The cumulative population in the study zone follows an “S”-shaped curve that passes through an inflection point of time where the spreadability rate will be maximum.

2.3. Principal component analysis

The phenomenon of virus spread in society differs from microbial growth due to various influencing factors like the nature of the virus, climatic condition, geographical factors, socio-economic factors, population behavior, etc. Each of these factors may have some possible impact on pandemic spread, thus, needs consideration during pandemic assessment. Principal component analysis (PCA), a data dimension reduction technique, was employed to understand the possible contribution of different socio-economic variations in different states of India. The state-wise socio-economic factors considered for assessing the COVID-19 spread in India were COVID-19 confirmed cases (Cases), populations (population), average literacy rate (Literacy), percent contribution of gross domestic production (GDP), rural to urban population ratio (Rural/Urban) and Gender ratio (W/M). The correlation and principal component analysis were performed using the Rstudio software, and associations among the socio-economic factors and COVID-19 for different Indian states were summarised using a biplot.

3. Results and discussion

An attempt was made to establish an empirical mathematical model based upon the already recorded confirmed COVID-19 cases from mid-February to May. The developed model has been used to forecast the pandemic spread for coming days and approximate estimation of spreadability. In the general form, the model function is a nested exponential function, containing only three parameters, which makes the model quite simple and versatile.

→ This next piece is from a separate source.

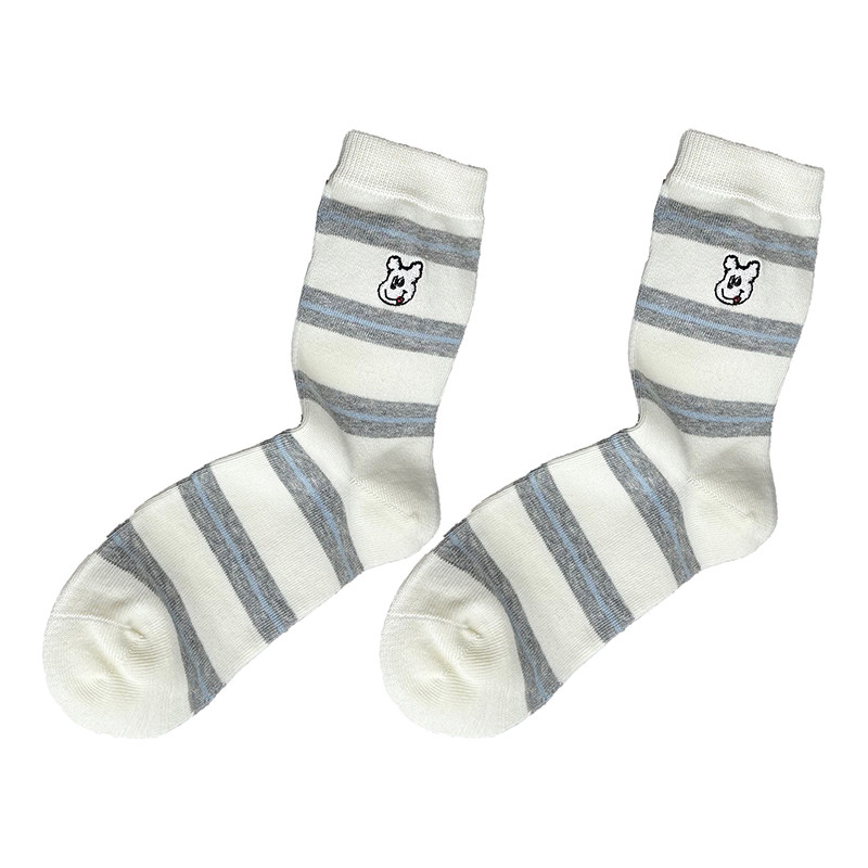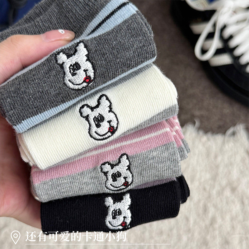 条纹袜子女中筒袜春秋灰色纯棉ins日系卡通可爱小狗无骨长袜韩系

Since only a few parameters define the developed model, these were accounted during the examination of correlation of infection outbreak with socio-economic factors. The virus infected cumulative population forms an S-shaped curve with time (days) of spread depending upon the model parameters which can be fitted with cumulative population data for almost all the states or countries worldwide.

3.1. Effect of model parameters on the shape of the curve

Before analyzing the actual results, efforts were undertaken to analyze the effect of model parameters on the shape of infection curves. The variation in the shape of prediction curves as a result of changes in the model parameters, β and t_i, is presented in Fig. 1 , considering constant initial population, Y₀ = 10 and inflection population, α = 800. Fig. 1a and b depicts the impact of the model parameter (β) on the cumulative population and spreadability rate, respectively. It was identified that change in β considerably influenced the shape of the curve for the cumulative population as well as spreadability rate, therefore, defining β as “shape factor” for the model. Increase of β from 0.05 to 0.15 caused a faster and abrupt rise of cumulative population. The curve with a higher β value exhibited higher steepness as a consequence of an early and sudden rise in the infected population. Further, the increase of shape factor also demonstrated an intensified and well-defined peak of the spreading rate, as presented in Fig. 1b. It can be inferred that the higher value of β is a representative of rapid enlargement of COVID-19 outbreak.

Effect of inflection time (t_i) on the shape of the infection curves is shown in Fig. 1c and d. It is evident that on increasing of the inflection time, shape of the cumulative population curve as well as spreadability rate curve almost remains the same; however, the whole curve makes a shift along the time axis. Therefore, inflection time did not manifest considerable effect on the shape of the curve, but substantial changes in the position of the curve were distinguished. It is noteworthy to highlight that model function can provide different types of shapes depending upon the model parameters, shape factor and inflection time. The developed nested exponential model has the potential to define and predict ever-increasing trend like cumulative infected population (Y_p), and bell-shaped curves governing spreadability rate model (R_y).

3.2. Analysis and model validation for COVID-19 outbreak

The actual data of period 15 February to May 15, 2020 of different countries were used for parameter estimation of the model. Subsequently, the actual data observed during the period from 16 May to May 28, 2020, indicated by blue triangles in Fig. 2 , was applied as the test data for validation of the mathematical model. The values of the model parameters obtained for different countries using regression modelling are presented in Table 1 .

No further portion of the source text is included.